+++ Available data +++

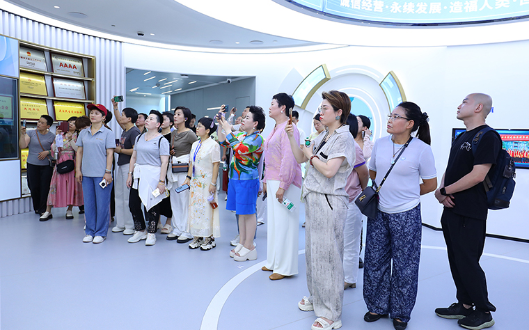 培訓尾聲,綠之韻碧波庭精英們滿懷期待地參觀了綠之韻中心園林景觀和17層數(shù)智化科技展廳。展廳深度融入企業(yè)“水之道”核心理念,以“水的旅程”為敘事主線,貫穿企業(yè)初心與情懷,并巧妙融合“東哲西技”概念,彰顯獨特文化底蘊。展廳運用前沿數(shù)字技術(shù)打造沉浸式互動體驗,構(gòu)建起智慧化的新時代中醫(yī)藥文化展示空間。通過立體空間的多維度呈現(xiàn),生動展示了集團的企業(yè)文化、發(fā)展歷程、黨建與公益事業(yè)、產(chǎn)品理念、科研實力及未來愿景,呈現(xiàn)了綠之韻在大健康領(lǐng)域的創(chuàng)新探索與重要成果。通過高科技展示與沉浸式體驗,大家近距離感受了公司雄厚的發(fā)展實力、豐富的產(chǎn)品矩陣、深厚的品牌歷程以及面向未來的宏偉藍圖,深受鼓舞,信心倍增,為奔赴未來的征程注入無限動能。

+++
+++ Available data +++

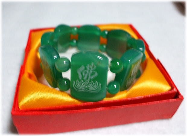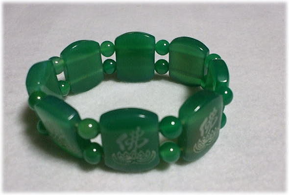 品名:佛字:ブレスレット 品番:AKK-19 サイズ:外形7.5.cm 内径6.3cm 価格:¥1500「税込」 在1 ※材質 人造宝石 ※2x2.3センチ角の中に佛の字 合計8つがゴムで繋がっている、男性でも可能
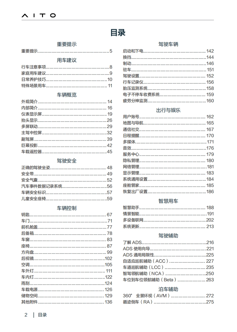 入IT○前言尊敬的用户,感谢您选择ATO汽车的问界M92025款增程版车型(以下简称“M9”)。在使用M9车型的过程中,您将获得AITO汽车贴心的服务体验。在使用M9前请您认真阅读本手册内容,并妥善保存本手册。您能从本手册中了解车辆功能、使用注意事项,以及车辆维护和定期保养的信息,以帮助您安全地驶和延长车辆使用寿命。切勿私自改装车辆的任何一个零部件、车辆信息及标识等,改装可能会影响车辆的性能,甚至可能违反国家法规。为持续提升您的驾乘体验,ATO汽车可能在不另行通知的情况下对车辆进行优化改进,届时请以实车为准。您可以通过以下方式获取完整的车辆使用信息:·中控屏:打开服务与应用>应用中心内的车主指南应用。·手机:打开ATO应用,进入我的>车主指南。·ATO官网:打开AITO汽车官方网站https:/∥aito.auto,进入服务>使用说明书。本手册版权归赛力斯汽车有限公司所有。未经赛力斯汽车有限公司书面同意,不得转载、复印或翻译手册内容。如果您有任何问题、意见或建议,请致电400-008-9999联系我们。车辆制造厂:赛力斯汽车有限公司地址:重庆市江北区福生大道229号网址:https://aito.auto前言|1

+++

> Task description: Return the stretch of data that begins with the line showing "品名:佛字:ブレスレット 品番:AKK-19 サイズ:外形7.5.cm" and goes on through the line showing "入IT○前言尊敬的用户,感谢", exactly, with pictures removed.

> Problem solution:
 品名:佛字:ブレスレット 品番:AKK-19 サイズ:外形7.5.cm 内径6.3cm 価格:¥1500「税込」 在1 ※材質 人造宝石 ※2x2.3センチ角の中に佛の字 合計8つがゴムで繋がっている、男性でも可能
 入IT○前言尊敬的用户,感谢您选择ATO汽车的问界M92025款增程版车型(以下简称“M9”)。在使用M9车型的过程中,您将获得AITO汽车贴心的服务体验。在使用M9前请您认真阅读本手册内容,并妥善保存本手册。您能从本手册中了解车辆功能、使用注意事项,以及车辆维护和定期保养的信息,以帮助您安全地驶和延长车辆使用寿命。切勿私自改装车辆的任何一个零部件、车辆信息及标识等,改装可能会影响车辆的性能,甚至可能违反国家法规。为持续提升您的驾乘体验,ATO汽车可能在不另行通知的情况下对车辆进行优化改进,届时请以实车为准。您可以通过以下方式获取完整的车辆使用信息:·中控屏:打开服务与应用>应用中心内的车主指南应用。·手机:打开ATO应用,进入我的>车主指南。·ATO官网:打开AITO汽车官方网站https:/∥aito.auto,进入服务>使用说明书。本手册版权归赛力斯汽车有限公司所有。未经赛力斯汽车有限公司书面同意,不得转载、复印或翻译手册内容。如果您有任何问题、意见或建议,请致电400-008-9999联系我们。车辆制造厂:赛力斯汽车有限公司地址:重庆市江北区福生大道229号网址:https://aito.auto前言|1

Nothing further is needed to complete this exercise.